▸ **Given data**:
*** Block opens ***
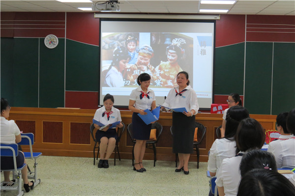 本次活动分两个环节进行,第一个环节是“阅读表演”技能展示。我校“阅读表演”课型研究已持续三年多,要指导好学生表演,老师必须先学会表演。按照惯例,我们教研组每次研讨活动,老师们都要进行“阅读表演”基本功展示。这次吴鹭梅、任佳妮、陈斯佩、陈莉恒四位老师为大家展示的是读者剧场——《凤辣子初见林黛玉》。四位老师向大家演示了如何通过不同的表情、语速和语调变化来传达不同的意义,从而走进故事中的人物。真是台上一分钟,台下十年功,扎实的表演基本功无疑将为课型研究打下坚实的基础。
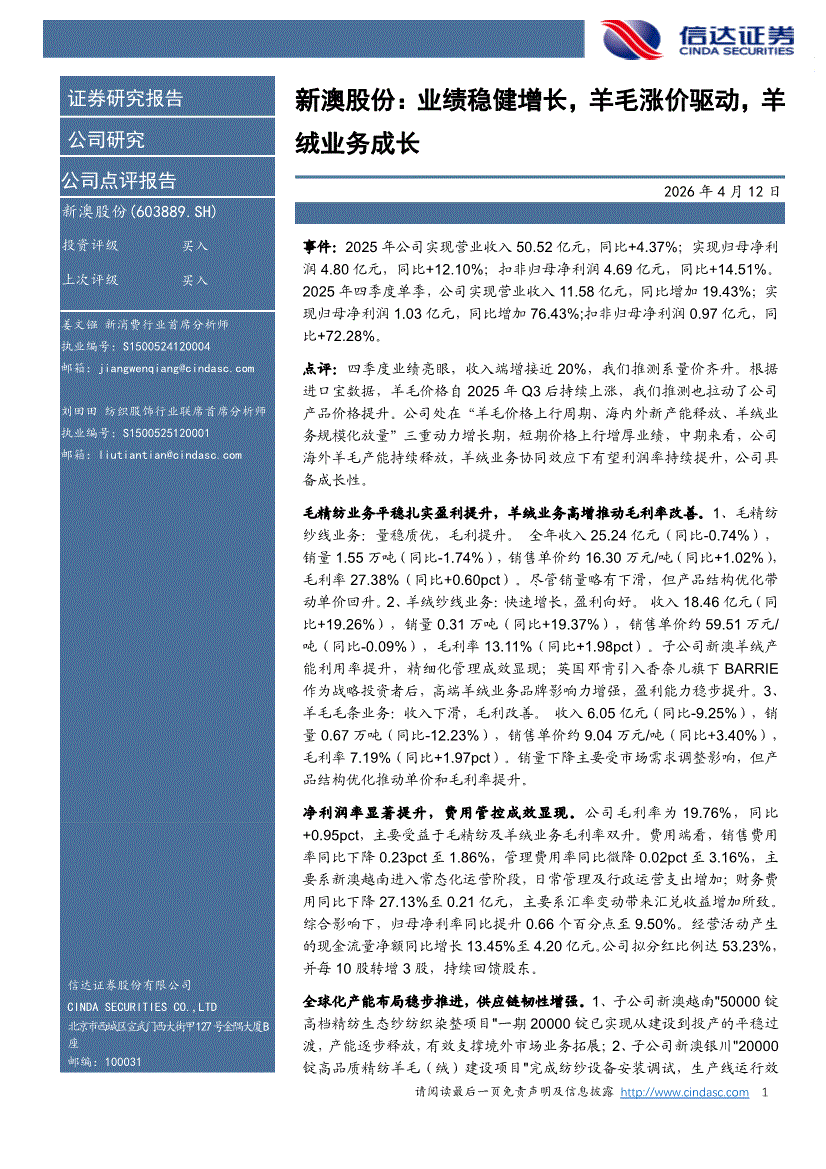 新澳股份:信达证券-新澳股份-603889-业绩稳健增长,羊毛涨价驱动,羊绒业务成长-260412
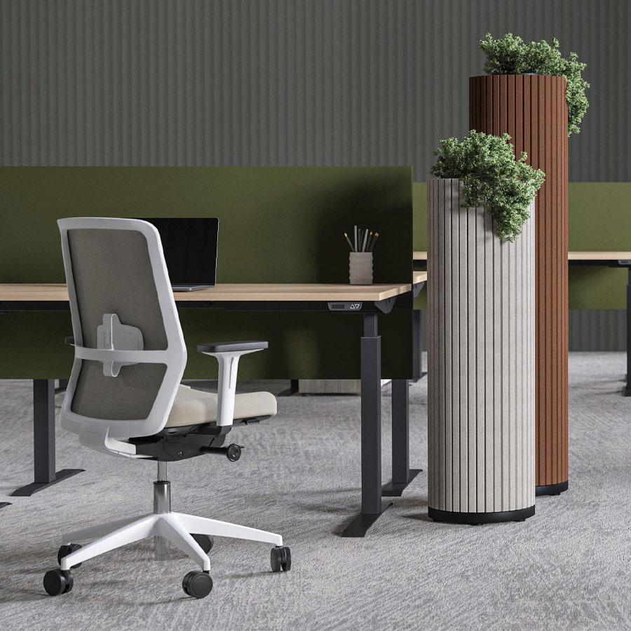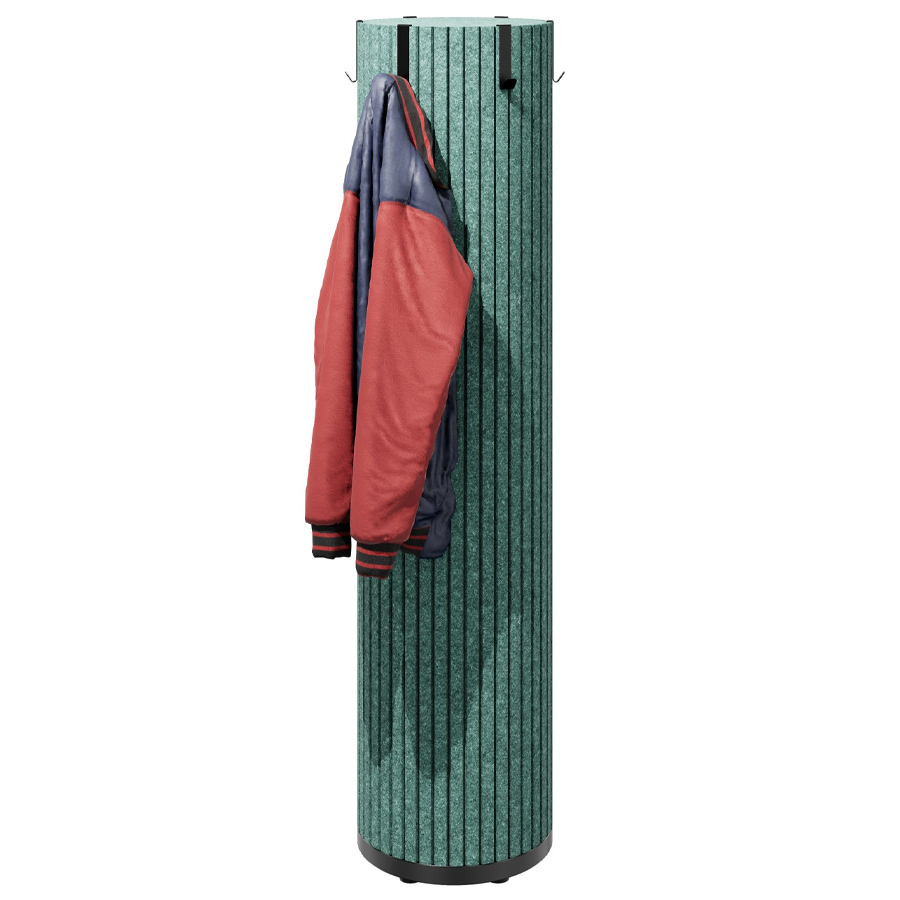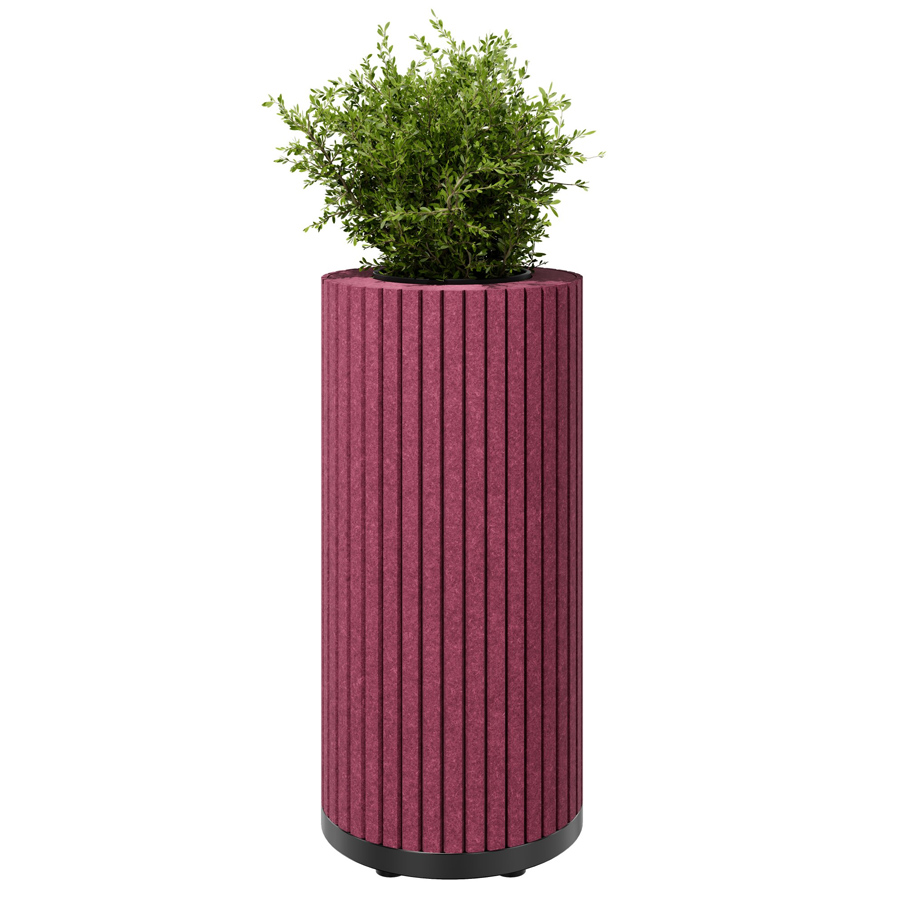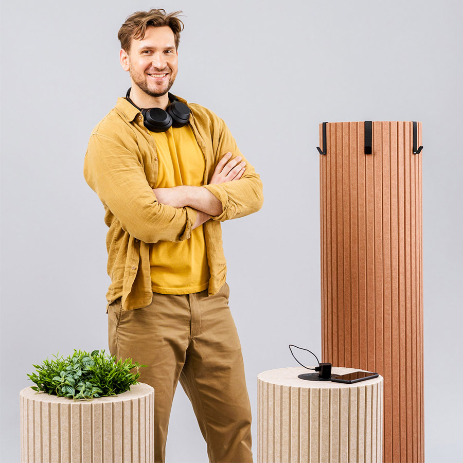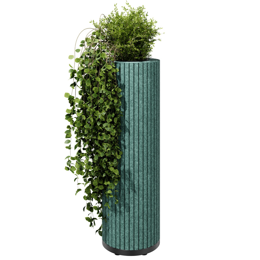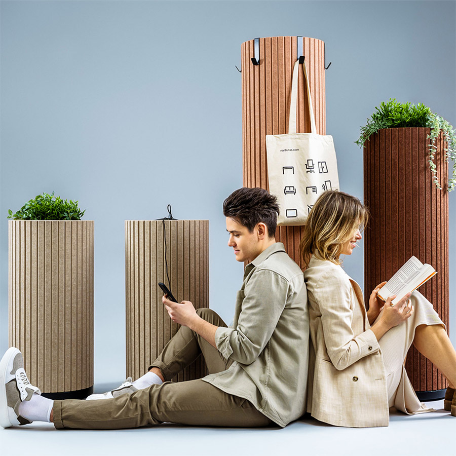 Die zylindrischen Säulen sind mit schallabsorbierendem PET-Filz ummantelt, der Umgebungsgeräusche wirksam reduziert und so für mehr Ruhe in offenen Arbeits- oder Aufenthaltsbereichen sorgt.
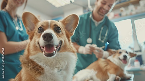 Close-up of a happy dog being examined by a veterinarian in a clinic.
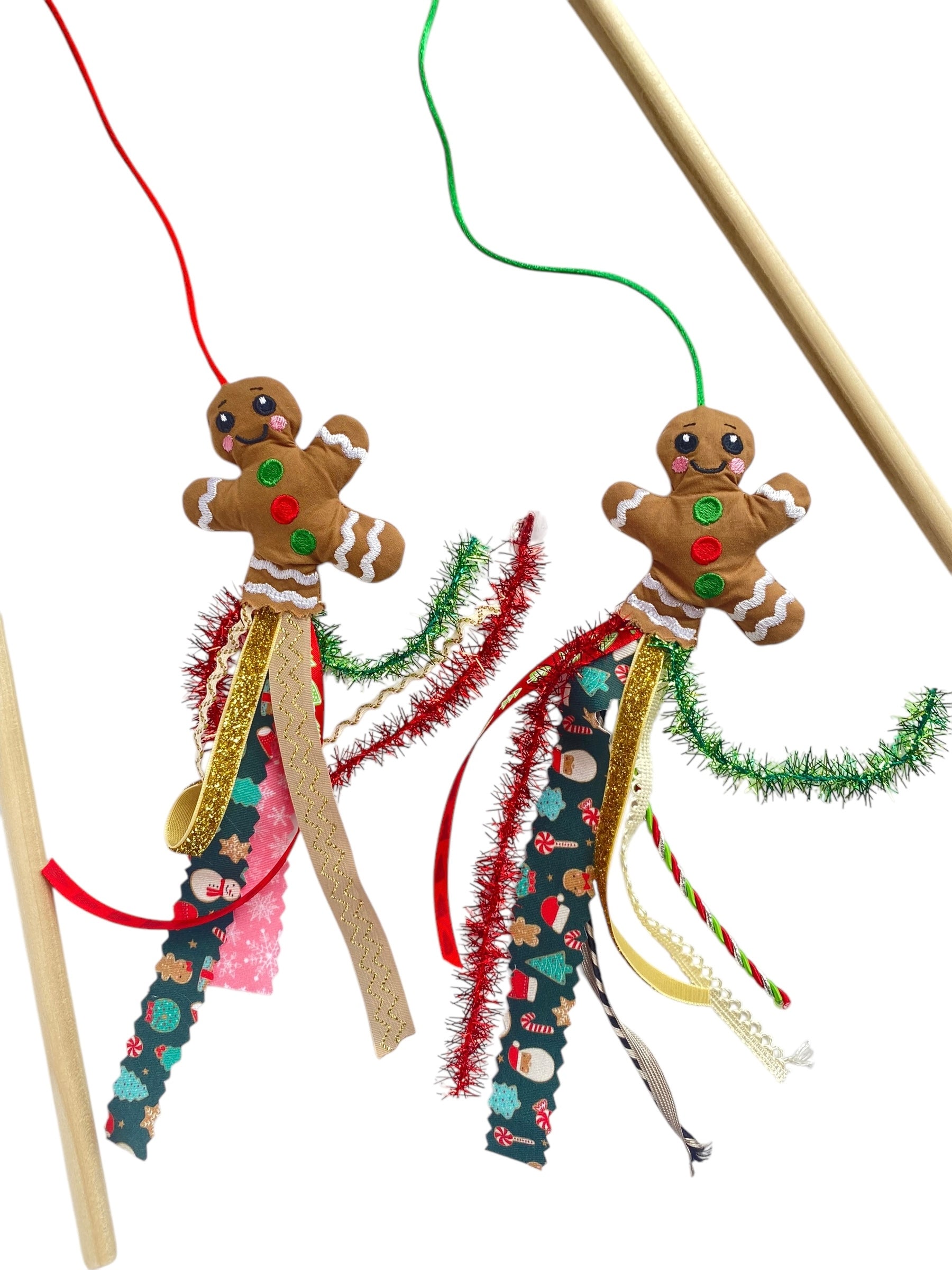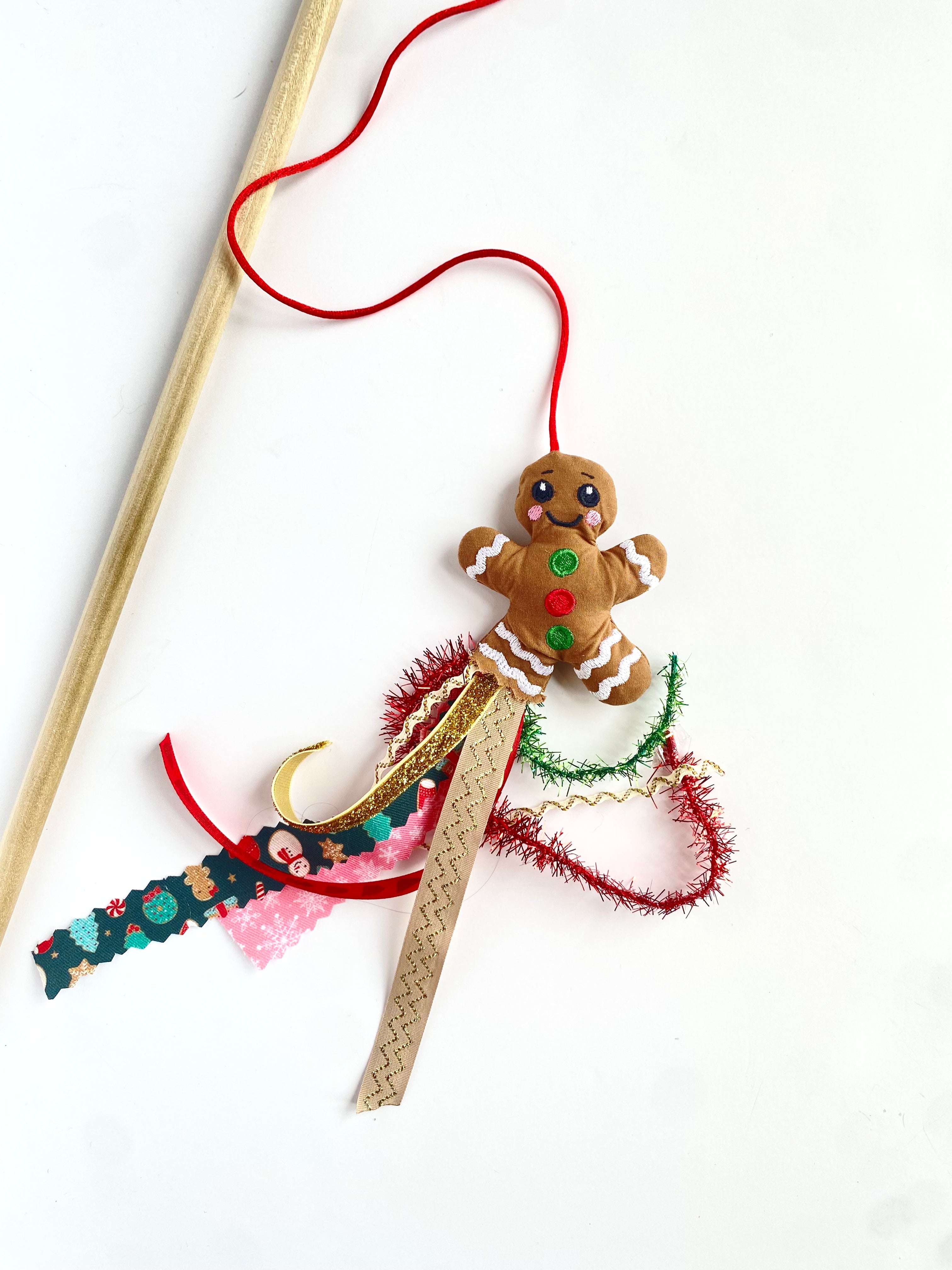 The custest cat toy for Christmas! Keep your kitten busy. We make these little mice from embroidered fabric and a variety of ribbons, no two are the same. The sticks are roughly 2 feet with an estimated 3 feet of string to keep your cat happy. The little gingerbread man is stuffed with a tad of catnip and are reinforced to last.
*** Block closes ***
▸ **What you should do**:
Copy the entries above exactly, but only the stretch from the line containing "新澳股份:信达证券-新澳股份" through the line containing "Close-up of a". Keep both end lines; drop the pictures.

▸ **Task result**:
 新澳股份:信达证券-新澳股份-603889-业绩稳健增长,羊毛涨价驱动,羊绒业务成长-260412
 Die zylindrischen Säulen sind mit schallabsorbierendem PET-Filz ummantelt, der Umgebungsgeräusche wirksam reduziert und so für mehr Ruhe in offenen Arbeits- oder Aufenthaltsbereichen sorgt.
 Close-up of a happy dog being examined by a veterinarian in a clinic.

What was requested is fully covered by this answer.